Как доказать, что он не стрелял? «Труднее всего доказать правду». В связи с чем Нойма это говорила? Неважно. Выбросить из головы. Он не знает никакой Ноймы! Он — Збигнев Витульский. Не женатый.
— Извините меня, ради Бога. Но я чувствую, что вы все равно не спите. Дети у вас остаются?
— Я не женат.
А если Збигнев за это время женился? Конечно, на своей чахоточной Зофье. Другие девицы, видите ли, хотя и здоровые, но лучшей, чем она, на свете нет.
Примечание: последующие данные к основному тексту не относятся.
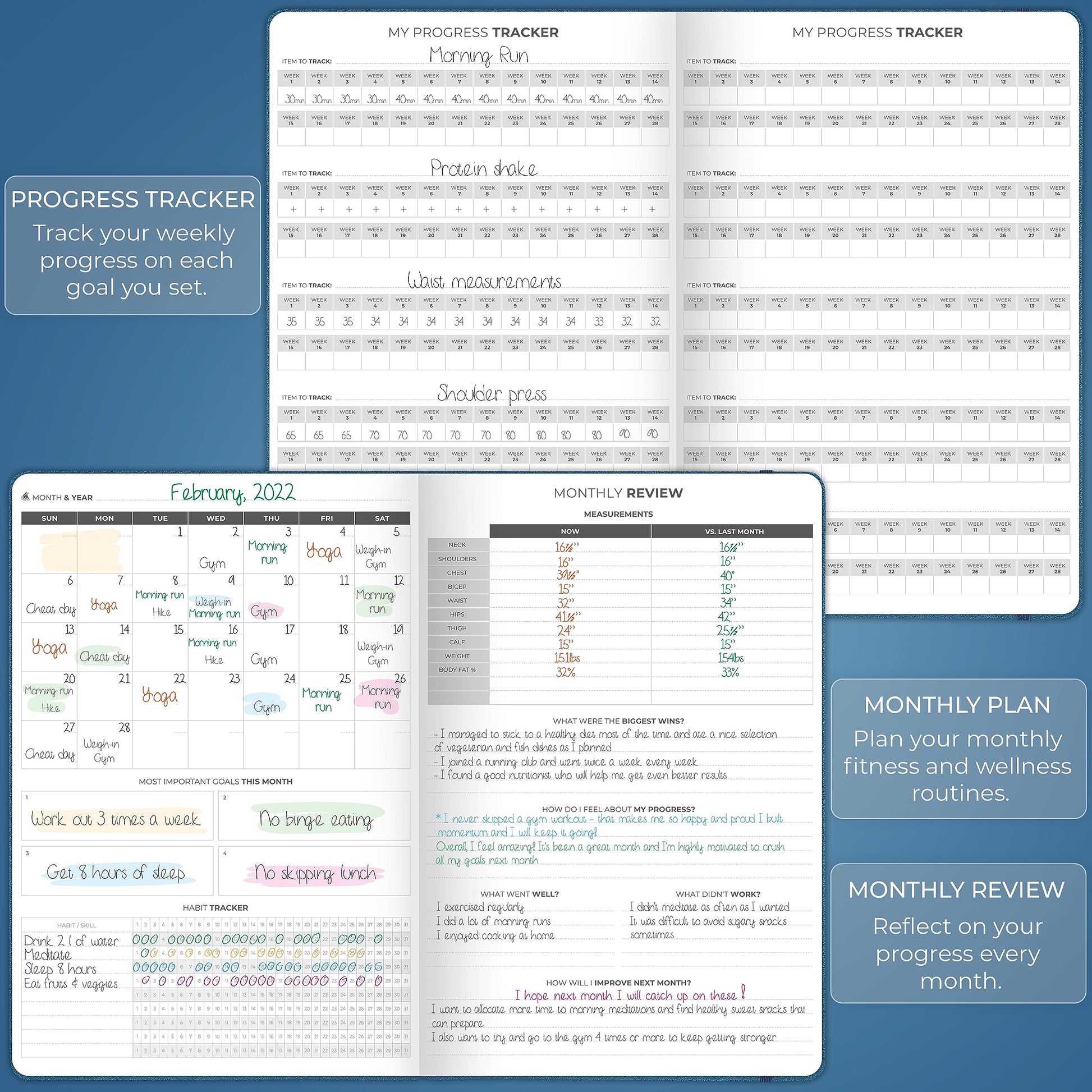 - TRACK YOUR PROGRESS WITH TRACKERS – This fitness planner includes a body measurement tracker, a weekly progress tracker, a daily habit tracker, and 6 comprehensive monthly reviews to reflect on your performance at the end of each month.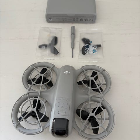 DJI neo drone med fire propellerbeskyttere og tre ekstra batterier. Dronen er kompakt og velegnet til luftfotografering og rekreativ brug.

— А у меня остаются. Двое сыновей и внучка.
— Зачем вы так говорите… раньше времени?
— Не намного «раньше». Утро уже, наверно, скоро.
Неужели он не может говорить о чем-нибудь
другом?
— Моя знакомая, на которой я собирался жениться, то есть моя невеста, больна. У нее чахотка.
— Говорят, нашли новое лекарство.
Збигнев, кажется, тоже объяснял что-то про новые лекарства.
— Да, я надеюсь.
— Дай-то Бог! И хорошо, что вы ее, больную, не оставили, не отреклись от нее.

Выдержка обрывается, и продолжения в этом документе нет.